关键词:《狂人日记》;鸱枭;鸟人;诳人;王者
《狂人日记》中的序言是用古文写的,而正文是用白话写就。对此温儒敏、旷新年把它作为反讽结构加以理解,正文是肯定,而序言是否定,“有意赋予两种对立的叙述者以两种相反的语言,以明确他们叙述之间的巨大鸿沟和根本对立”[1],这种见解无疑很有价值,对理解鲁迅文本的复杂性有重要的启发意义。王富仁认为狂人是清醒和疯狂的结合,表现为艺术、思想的双线结构[2]。这些论述都认识到了狂人的前后不一致、话语的双重性,但是对不一致、双重性关系的认识是不一样的。姜异新从207个字的文言识语出发,梳理“识”的旗帜、记述等多重语义内涵,认为文言部分并非故事外的作者小序,而是虚构文本的一部分,揭示了文字语义维度在文本阐释中的关键作用,具有研究方法的指导意义和范式价值。[3]郜元宝结合历史事实和狂人是战士的本质,认为赴任有三种阐释:一是激进革命,如徐锡麟虽然赴任,却为了刺杀当权者;二是既便赴任,也是为了进入既有社会进行战斗,又从事启蒙写作;三是带着“个的自觉”和“赎罪意识”去做扎实工作。[4]结合鲁迅“自文字至文章”的方法,会发现“狂”人之“狂”的能指和所指丰富多元,这成为《狂人日记》义理变化的基石。狂字古今意义的不同导致狂人的本质和结构复杂多样,狂人赴任表现为真假多变、古今互喻的多重模式。
一、“自文字至文章”的狂人建构方式
目前研究多从关键词“狂人”开始进行分析,但这和鲁迅的研究方法并不完全一样。
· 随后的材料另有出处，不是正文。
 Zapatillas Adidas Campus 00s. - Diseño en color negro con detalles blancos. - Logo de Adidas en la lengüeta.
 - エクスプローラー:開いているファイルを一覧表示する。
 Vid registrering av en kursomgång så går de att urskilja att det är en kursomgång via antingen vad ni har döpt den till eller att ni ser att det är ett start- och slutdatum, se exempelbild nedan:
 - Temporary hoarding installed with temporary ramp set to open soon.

在《汉文学史纲要》中,鲁迅从文字分析文章的形成,关注字的历时变化对文章的影响。如果把《狂人日记》立基于狂字基础上的“狂”人观和鲁迅的《汉文学史纲要》的第一章“自文字至文章”结合起来,可以更好地理解狂人的复杂性。“自文字至文章”是鲁迅用朴学方式从文字开始研究汉文学史的纲领文章,把汉字的多重意义结合相关典籍、文献予以展现,得出文章的义理。王瑶在《五四时期对中国传统文学的价值重估》中指出鲁迅等人“在传统文学中所发现和肯定的价值特点,也正是体现在他们在新文学作品中的基本特征”。[5]“自文字至文章”也是《狂人日记》的基本特点,不同之处在于:一个是古代文学特点,一个是现代小说的创作特征。
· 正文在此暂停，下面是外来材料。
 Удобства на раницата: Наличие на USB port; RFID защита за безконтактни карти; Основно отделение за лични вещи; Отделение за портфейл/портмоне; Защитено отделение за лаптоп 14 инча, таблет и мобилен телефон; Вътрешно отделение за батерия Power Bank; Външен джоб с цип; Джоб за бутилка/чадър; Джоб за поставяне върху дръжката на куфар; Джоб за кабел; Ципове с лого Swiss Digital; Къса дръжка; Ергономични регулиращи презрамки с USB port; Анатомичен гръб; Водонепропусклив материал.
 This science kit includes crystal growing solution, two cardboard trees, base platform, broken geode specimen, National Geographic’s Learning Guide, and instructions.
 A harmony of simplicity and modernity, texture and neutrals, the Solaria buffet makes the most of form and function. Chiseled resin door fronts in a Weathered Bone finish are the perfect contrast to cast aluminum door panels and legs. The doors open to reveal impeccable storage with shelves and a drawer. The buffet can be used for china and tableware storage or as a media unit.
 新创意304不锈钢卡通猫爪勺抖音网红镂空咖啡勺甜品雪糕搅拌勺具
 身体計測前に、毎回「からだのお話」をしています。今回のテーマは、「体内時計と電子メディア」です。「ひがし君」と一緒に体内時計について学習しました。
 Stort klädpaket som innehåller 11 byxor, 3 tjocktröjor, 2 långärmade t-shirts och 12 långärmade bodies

鲁迅用朴学的方法详细考证,用“字”和“文”训诂说理,生动阐释了文章和文字之间的关系。“自文字至文章”强调文字对文章生成的重要作用,从刚开始结绳记事,书契成文,到慢慢有了文字。随着社会的发展,字所承担的意义也越来越多。“连属文字,亦谓之文。而其兴盛,盖亦由巫史乎”[6],文学的发展离不开神话、历史,要从神话、历史中认识文字和文章。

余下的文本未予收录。